# CZ97B Pre Range Review



## mnyshrpknvs (Sep 19, 2010)

So, I've had two weeks to familiarize myself with the CZ97B, and I have to say I am very impressed. I was initially concerned with grip size, but its not bad at all. A smidge big, but different grips will surely take care of that. Sight acquisition is quick, and the 97 feels balanced to me. Upon racking the slide, it felt real smooth, as did the safety and the mag release. Fit and finish is nothing short of fantastic, no play in the slide to frame fit, and I love the mat poly finish for low glare. Also, the poly is more durable as well. I'm not a huge fan of the trigger, as it seems to be long in single action, and stagey in double action.
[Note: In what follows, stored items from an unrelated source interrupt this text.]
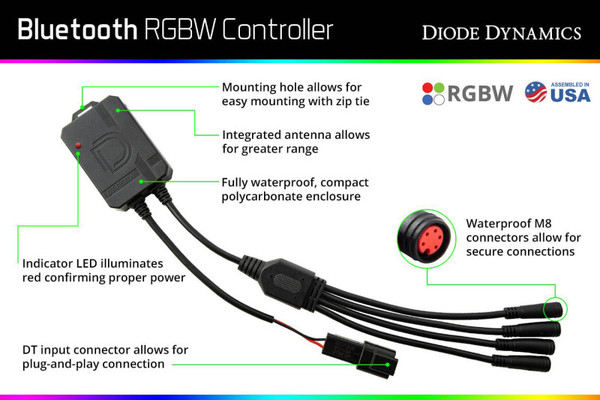 Features Full multicolor and True White functionality with our App. 20 adjustable patterns, plus custom modes, camera match, and audio sync. Easily group multiple controllers. Fully waterproof and shockproof. Overview Full RGBW. Unlike other RGB controllers on the market that produce a mixed white color, this controller is full RGBW, with an independent White channel that gives you a crisp, clean white output for everyday use. Easy Connection. The M8 controller features a fully waterproof, compact polycarbonate enclosure, along with DT input and M8 output connectors for secure connections. Simply plug into any standard 12V signal and connect the outputs directly to your RGBW products. No cutting, crimping, or splicing! This controller also includes a red power indicator LED, mounting tab and mounting pad surface for easy installation. Robust components also allow up to 2A output per channel. App Control. With the Diode Dynamics multicolor app, you can choose any color under the sun, including True White. Preset Patterns and Colors make it easy to use, and Camera Match and Music Sync make it fun to show off! Don't see a pattern you like? Just program your own, and save it for later! Instant Function. Don't wait around to see your lights. This controller will light up immediately to the previous setting when it gets power, no need to access the app. Connecting to the controller takes seconds as well, not minutes. Instant response, instant control, for an excellent user experience. Compatability Works with Diode Dynamics RGBW products with M8 connectors Works with many generic RGBW products (may require JST-to-M8 adapter)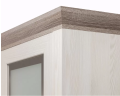 Шкаф разделен на 2 отделения: отделение со стеклянными полками за распашной дверью со стеклянной вставкой и отделение с полками за распашной глухой дверью;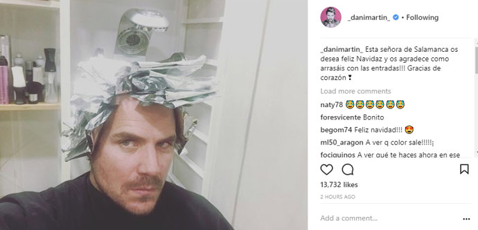 El cantante ha publicado una foto en su Instagram con papel de aluminio en el pelo en la peluquería. Poniéndose unas mechas de lo más feliz se ha mostrado el artista, que ha escrito el siguiente mensaje acompañando a la foto: "Esta señora de Salamanca os desea feliz Navidaz y os agradece como arrasáis con las entradas!!! Gracias de corazón".

However, I do plan to have the trigger worked after I take it out a couple times just to see how much I need done to it. Upon loading the mags, which I believe are Mecgars, the 10 rounders are VERY difficult to load starting at the 7th. I loaded them to 7 a couple days ago, and will try for 8. Eventually I hope to get max rounds in them. But we will see.

After taking it out to the range for the first time, I will post my results here to complete the review of this fine pistol. I plan on doing so within the next couple weeks as time allows. I will have a very detailed report to offer including ammo, distance, time of day and conditions.


----------